Tencent AI lab,
Soochow University,
Zhejiang University,
Renmin University of China,
Nanyang Technological University,
Toyota Technological Institute at Chicago
arXiv
(2023)
FactualityBenchmark
📝 Paper Summary
Hallucination surveyFactuality evaluation
This survey provides a comprehensive taxonomy of hallucinations in Large Language Models (LLMs), distinguishing them from traditional NLG errors, and reviews current detection, explanation, and mitigation strategies.
Core Problem
Large Language Models frequently generate content that conflicts with user input, previous context, or established facts, undermining their reliability in real-world applications.
Why it matters:
LLMs are trained on massive, uncurated web data containing fabricated or biased information, making hallucinations hard to eliminate at the source
The versatility of LLMs across tasks and domains makes comprehensive evaluation and mitigation significantly harder than in task-specific models
Hallucinations in critical fields like medicine or law can lead to tangible real-life risks due to the imperceptibility of highly plausible but false errors
Concrete Example:When asked about the mother of Afonso II, an LLM might confidently answer 'Queen Urraca of Castile' instead of the correct 'Dulce Berenguer of Barcelona', presenting a fact-conflicting hallucination that misleads users.
Key Novelty
LLM-Specific Hallucination Taxonomy
Redefines hallucination for the LLM era by categorizing it into three distinct types: input-conflicting, context-conflicting, and fact-conflicting
Differentiates hallucination from other common LLM issues like ambiguity, incompleteness, bias, and under-informativeness
Architecture
Organization of the survey paper, mapping out the lifecycle of LLMs and where hallucinations can be introduced and addressed
Evaluation Highlights
The paper is a survey and does not propose a new model or report novel experimental results; it aggregates existing benchmarks.

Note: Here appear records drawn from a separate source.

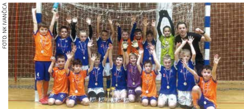
Bravo osvajačima medalja!

Mladost je na kraju jesenskog dijela prvenstva šesta, s 23 boda. U 14 odigranih utakmica izborila je 7 pobjeda, dvaput je odigrala neriješeno, a pet puta je poražena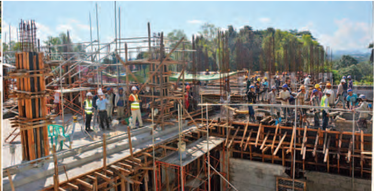
နိုင်ငံတော်သမ္မတ ဦးသိန်းစိန် လွိုင်ကော်ပြည်နယ်ပြည်သူ့ဆေးရုံ တိုးချဲ့ဆေးရုံတည်ဆောက်ခြင်းလုပ်ငန်းကို ကြည့်ရှုစစ်ဆေးစဉ်။ (သတင်း-ရှေ့ဖုံး)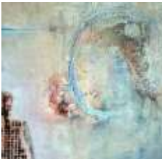
26 Der Beobachter | 2016 | CollagenMalerei | 40x40cm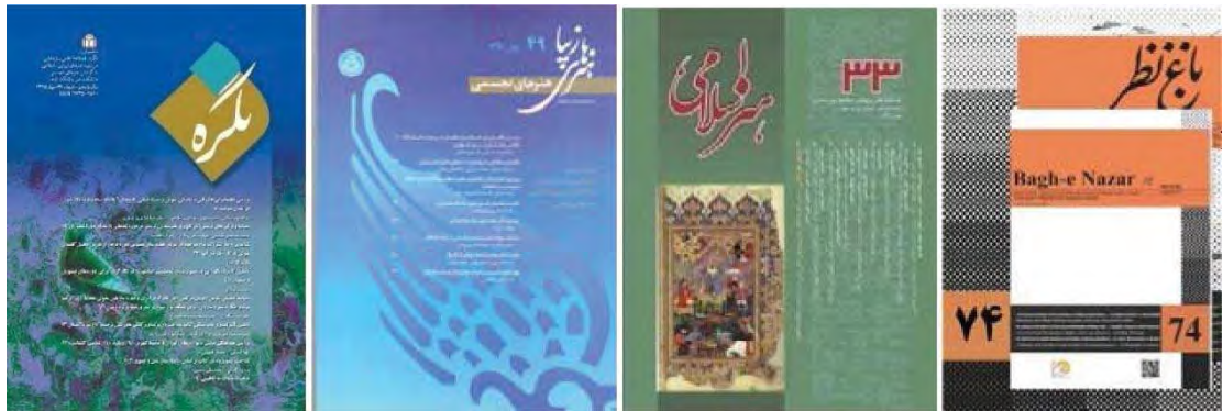
تصویر ۱. روی جلد برخی مجلات علمی-پژوهشی هنر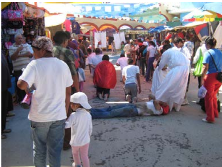
Foto 1: devoto del Niño Fidencio rodeando hasta la casa del Santo en Espinazo.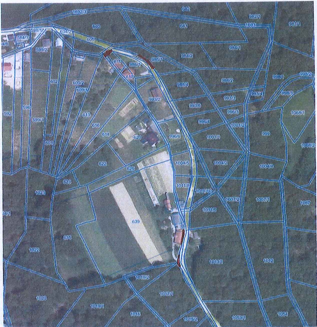
Lokacije parcel, za katere se predlaga ukinitvev statusa grajenega javnega dobra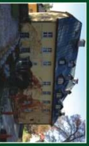
Pałac w Stanisławowie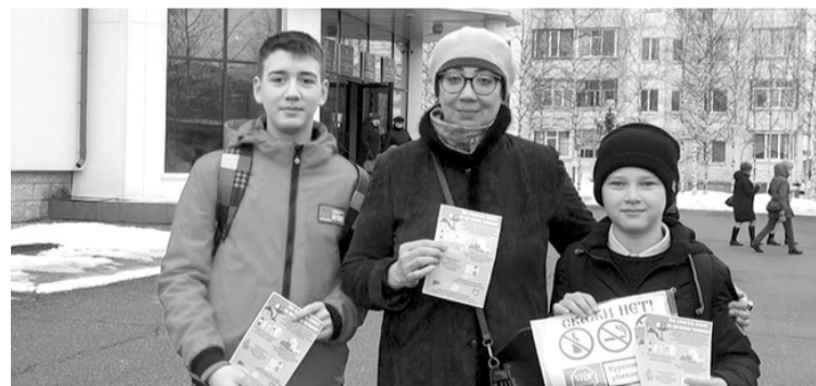
Ученики школы №2 раздали памятки на тему здорового образа жизни

Всемирный День здоровья отмечается с 1950 года. Эта дата не случайна, именно 7 апреля в 1948 году начала свою работу Всемирная организация здравоохранения. Каждый год выби-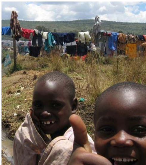
Kenianische Flüchtlinge in Nakuru

Ich habe sehr viel Freude bei den Einsätzen und den Begegnungen mit den unterschiedlichsten Menschen gehabt. Tief in meinem Herzen war aber noch der Traum, die Worte „Deine Arme sind ja gar nicht lang genug, um all die Kinder an dein Herz zu drücken.“ Okay, ich habe viele Frauen, sozusagen große Kinder Gottes, an mein Herz gedrückt und durfte mit dazu beitragen, dass etwas in ihnen heil wird. Aber wenn ich ehrlich sein soll, habe ich noch auf die kleineren Kinder gewartet.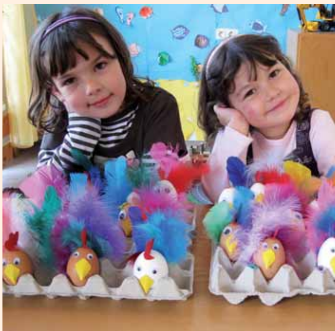
Stolz präsentieren die Kleinen die selbstgebastelten und bunten Ostergockel.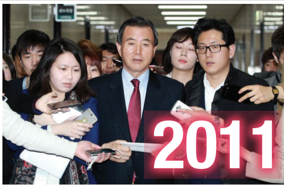
▶ 한나라당 최고위원 17대 충청권에서 유일하게 홀로 당선되어 대한민국 자유민주주의를 지켜왔습니다.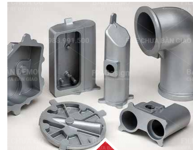
Thiết bị cơ khí (Thiết bị cơ khí)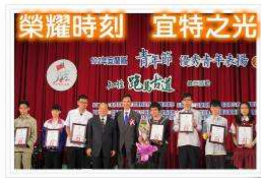
青年節 優秀青年表揚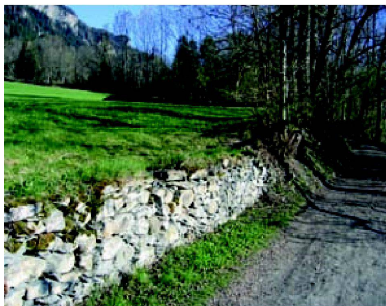
Abb. 3: Die klassische primäre Mehrfachfunktion der Trockenmauer: Stützen, Terrassenbildung, Abgrenzung, Linearelement entlang Weganlage (Gemeinde Almens).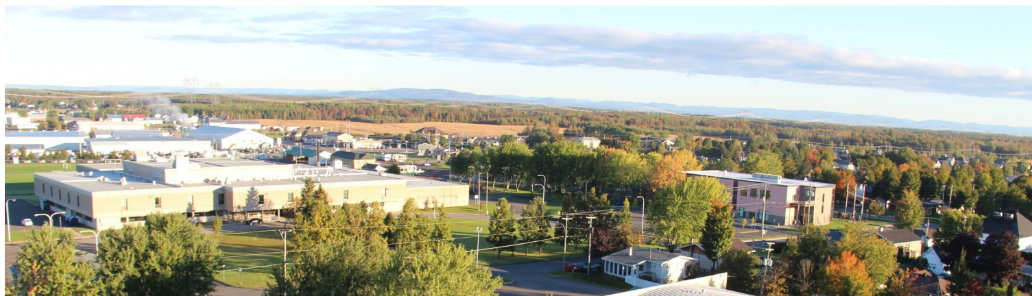
Vue du village de Saint-Agapit, du haut du clocher, en direction Nord-Est vers Québec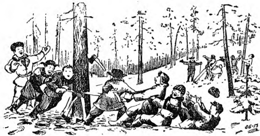
—Нэгэн, хоёр гурба-а! Татагы-ы-ы, саашань!!! —Нэгэн, хоёр, гурба-а! Түлхитгы-ы-ы, саашань!!! Ф. Балдаевай зураг.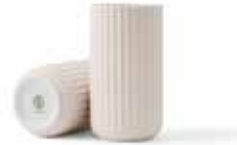
No. 200850 ソフトピンク H15cm ¥ 9,500 φ 7.5cm H15cm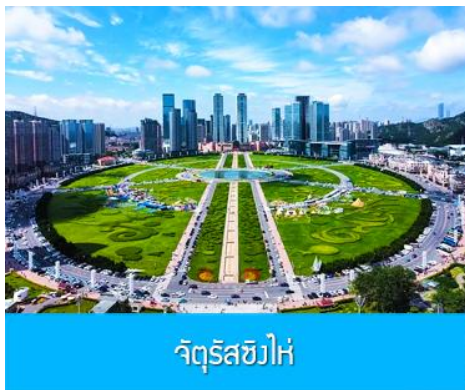
จัตุรัสชิงไห่

หลังอาหารนำท่านสู่ สวนเชอร์รี่ 樱桃园现摘樱桃 ให้ท่านสัมผัสประสบการณ์สุดชิล ด้วยการเด็ดเชอร์รี่สดจากต้นภายในสวนเชอร์รี่ (เชอร์รี่จะของเมืองนี้จะเริ่มสุกและเก็บได้ในช่วงปลายเดือนพฤษภาคม - มิถุนายนของทุกปี ในกรณีที่ผลเชอร์รี่น้อยหรือหมดเร็วกว่าปกติ ทางทัวร์ขอสงวนสิทธิ์ในการจัดโปรแกรมอื่นแทนการเด็ดเชอร์รี่)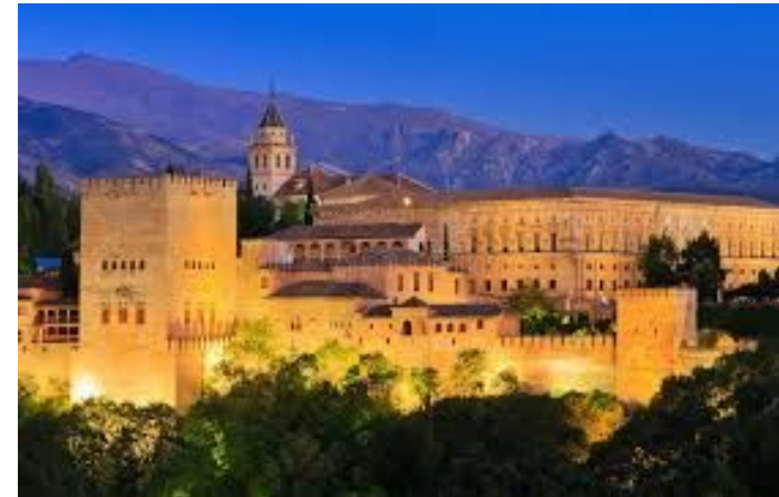
Granada , la capital de España desde 1499 y hasta febrero de 1502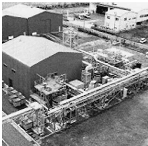
新エネルギーのエタノール化設備

廃油等）、水力、海洋、地熱、波力、温度差、雪氷熱等）による地域経済活性化を目指しており、安芸高田市でもバイオマスの他に雪氷熱、地熱、太陽光等の可能性があることが調査できました。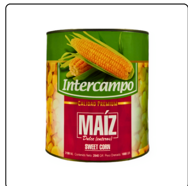
MAÍZ DULCE/SWEET CORN 2840GX6 INTERCAMPO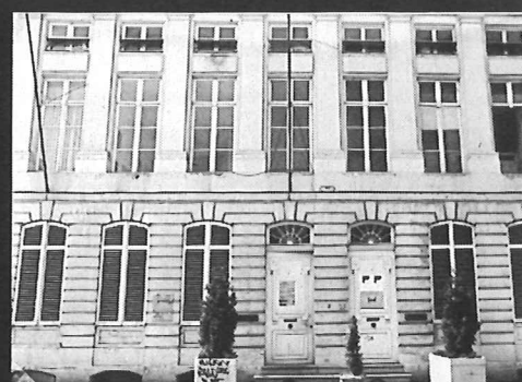
Nouveau Théâtre de Belgique - Martyres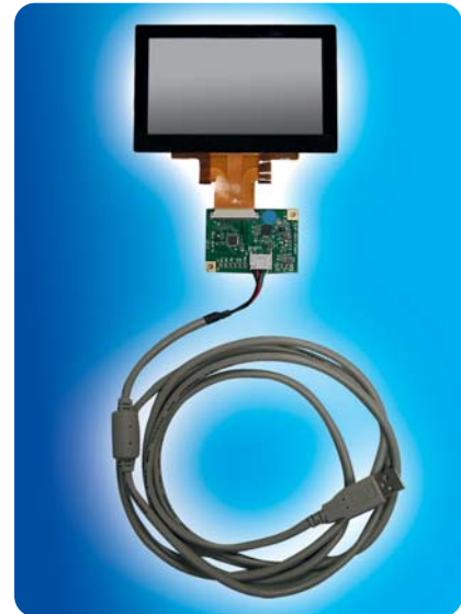
Der Touchscreen-Aufbau mit dem auf einer separaten Leiterplatte untergebrachten Controller.

Hy-Line Computer Components berät in allen Aspekten als Spezialist diejenigen, deren Aufgabe die marktreife Entwicklung eines Geräts mit den bereits erwähnten Anforderungen ist. Von den ersten Ideen über Entwürfe steht Hy-Line bei Mechanik-Konstruktion, Auswahl der Komponenten, Schaltungs- und Software-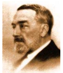
Salomon REINACH (1858-1932) Membre de l'Académie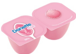
731-DANETTE DOCINHO DE MORANGO 180GR 162812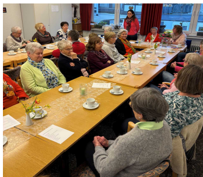
Generalversammlung der kfd Kirchhundem am 14. März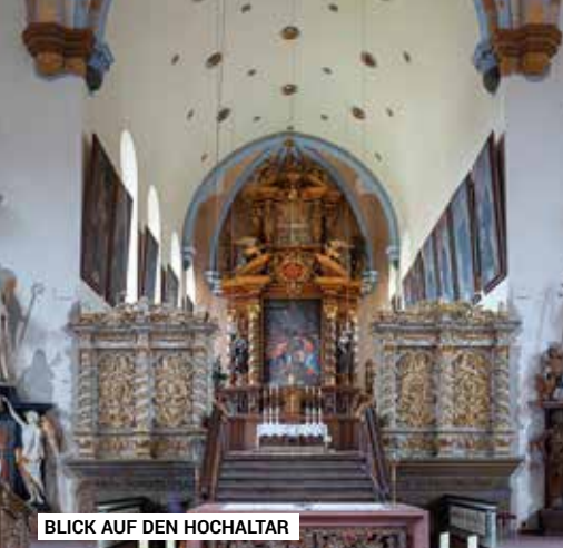
BLICK AUF DEN HOCHALTAR

Überzeugen Sie sich bei einem Besuch persönlich von unserer einmalig schönen Klosterkirche!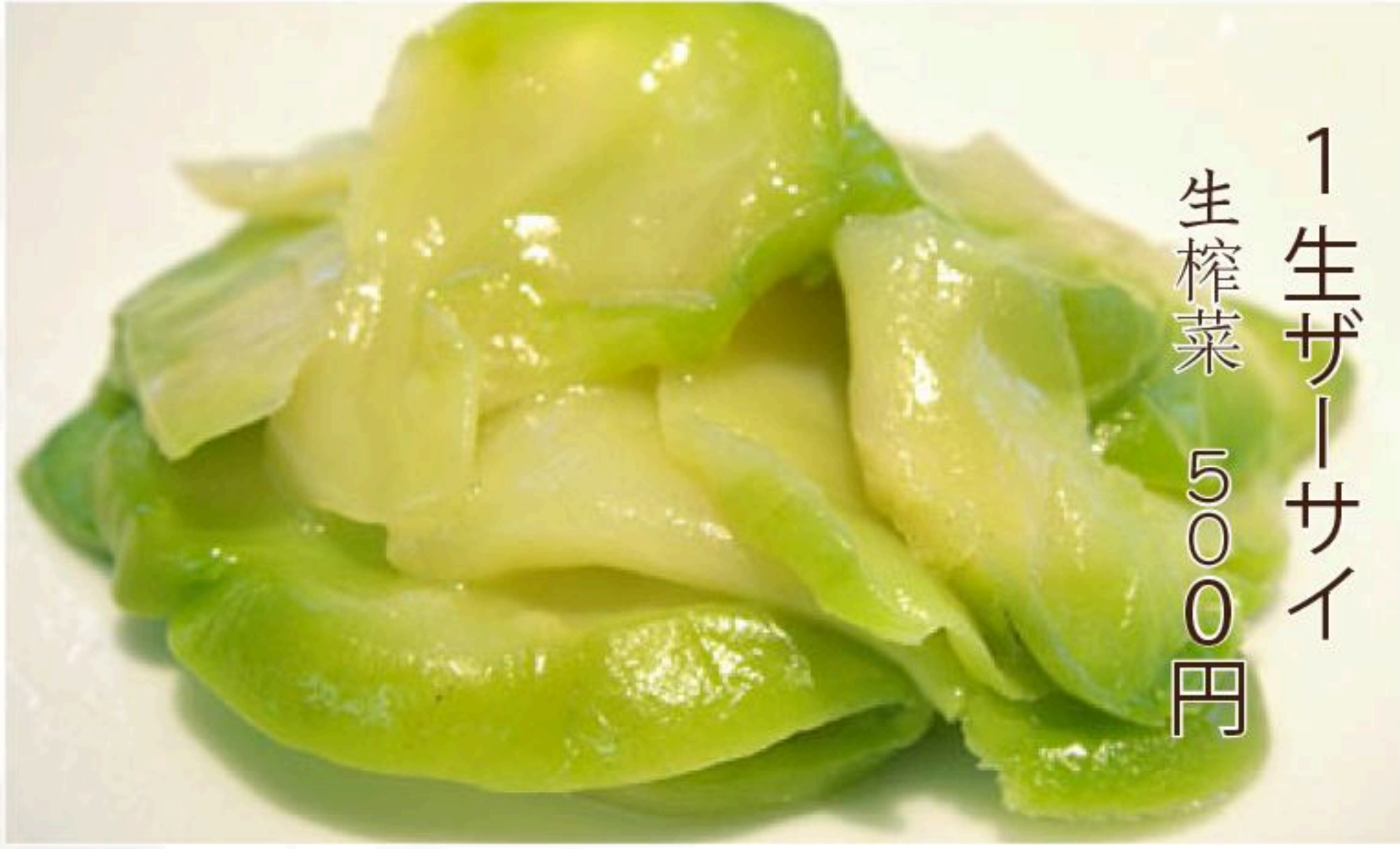
1 生ザーサイ 生榨菜 500円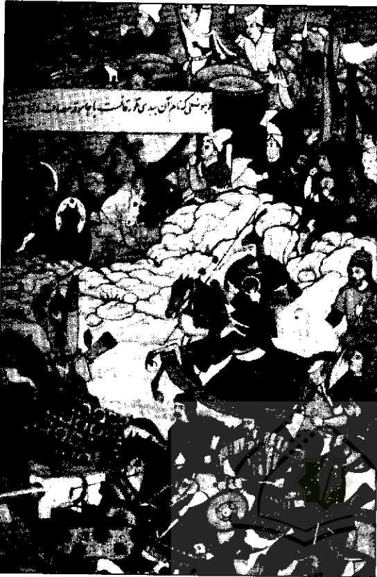
صحنه‌ای از نبردهای سربازان چنگیزخان، از کتاب مینیاتورهای ایرانی، کتابخانه سلطنتی نیویورک

نظریه «اسناد» در روانشناسی اجتماعی و روانشناسی یادگیری، مکانیزمی از یادگیری است که انسان در تجربه‌های خود آن را خواه نا خواه به کار می‌برد. این نظریه اولین بار در سال ۱۹۵۸ / ۱۳۳۷ توسط «هاید» ارائه شد

Provides a taxonomy of evaluation benchmarks and analyzes existing approaches for mitigation.
Discusses unique challenges posed by massive training data, versatility, and error imperceptibility in LLMs.
Breakthrough Assessment
7/10
A timely and comprehensive survey that clarifies definitions and categorizations in a rapidly evolving field, though it aggregates existing knowledge rather than proposing a new technical method.
⚙️ Technical Details
Problem Definition
Setting: Survey and taxonomy of Hallucination in Large Language Models
Inputs: Literature on LLM hallucination
Outputs: Taxonomy, analysis of methods, and future directions
The paper is a survey; it provides an open-source repository (https://github.com/HillZhang1999/llm-hallucination-survey) containing the list of papers and resources discussed.
📊 Experiments & Results
Evaluation Setup
Review of existing benchmarks and evaluation protocols
Metrics:
Statistical methodology: Not explicitly reported in the paper
Main Takeaways
Hallucinations in LLMs are distinct from traditional NLG errors due to massive uncurated training data and the versatility of the models.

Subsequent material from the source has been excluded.